Topics include basics of computer organization, memory hierarchy, operating systems, and cloud computing; principles of scalable and parallel data-intensive computing; design and use of parallel dataflow systems (MapReduce/Hadoop and Spark); and scaling of end-to-end machine learning (ML) workloads. It will cover how relational algebra, SQL, linear algebra, and more general dataflow operations in such systems can be used to perform data preparation and feature engineering for ML at scale, how to scale ML model building, and how to handle data heterogeneity.

A major component of this course is hands-on Python programming to implement data exploration, data preparation, and model selection pipelines on large real-world data using scalable analytics tools and cloud resources, both Amazon Web Services (AWS) public cloud and SDSC's private cloud.

Course Format

  • The class meets 3 times a week for 50-minute lectures in person.

    • All lectures will be automatically podcast here afterward.

    • Attending the lectures is not mandatory. But there are Peer Instruction activities involving discussing questions with peers in class only (details below). There will be other interactive activities as well.

    • We will use Piazza for asynchronous discussions and questions.

  • 3 Programming Assignments (PAs).

    • See the PAs page for the PA schedule and details.

    • There are no late days for the PAs. Plan your work accordingly.

  • 12 Peer Instruction activities via iClickers.

    • They will be held live in class using iClicker, spread randomly across the quarter.

    • Each activity will have 2 multiple-choice questions (MCQ). Quantitative problems may exist but only the final answer will need to be selected. No partial credits.

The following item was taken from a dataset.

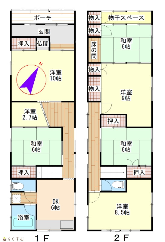 7DK (和室:6畳、6畳、6畳) (洋室:10、2.7、8.5、9) DK6 |

    • For each question, you must first answer individually. Then you can discuss the question with you neighbor(s). After that, you can answer the question again.

    • These activities are also open books/notes/electronics/Web.

    • Grading is based on earnest participation in the whole activity.

    • If you miss an activity, you will get no credit for it, unless you notify the instructor in advance with a university approved reason.

    • You can miss up to 2 activities out of the 12 without losing credit.

    • Make sure to bring your clicker to every lecture. If you happen to forget it one day, submit your written answers on a sheet.

    • You are allowed to possess only your own clicker. Using someone else's clicker is an academic integrity violation that will entail serious consequences as listed below.

  • Midterm exam and cumulative final exam.

    • The midterm exam will be held in person only. The final exam will be held as a Canvas Quiz only. The dates and logistics are listed below.

    • The exams will have primarily multiple choice questions (MCQ). Quantitative/longer problems wil exist but only the final answer may need to be selected. Some questions will have partial credits.

    • The guideline for time per question is a max of 1min per point. The points of each question will be calibrated accordingly.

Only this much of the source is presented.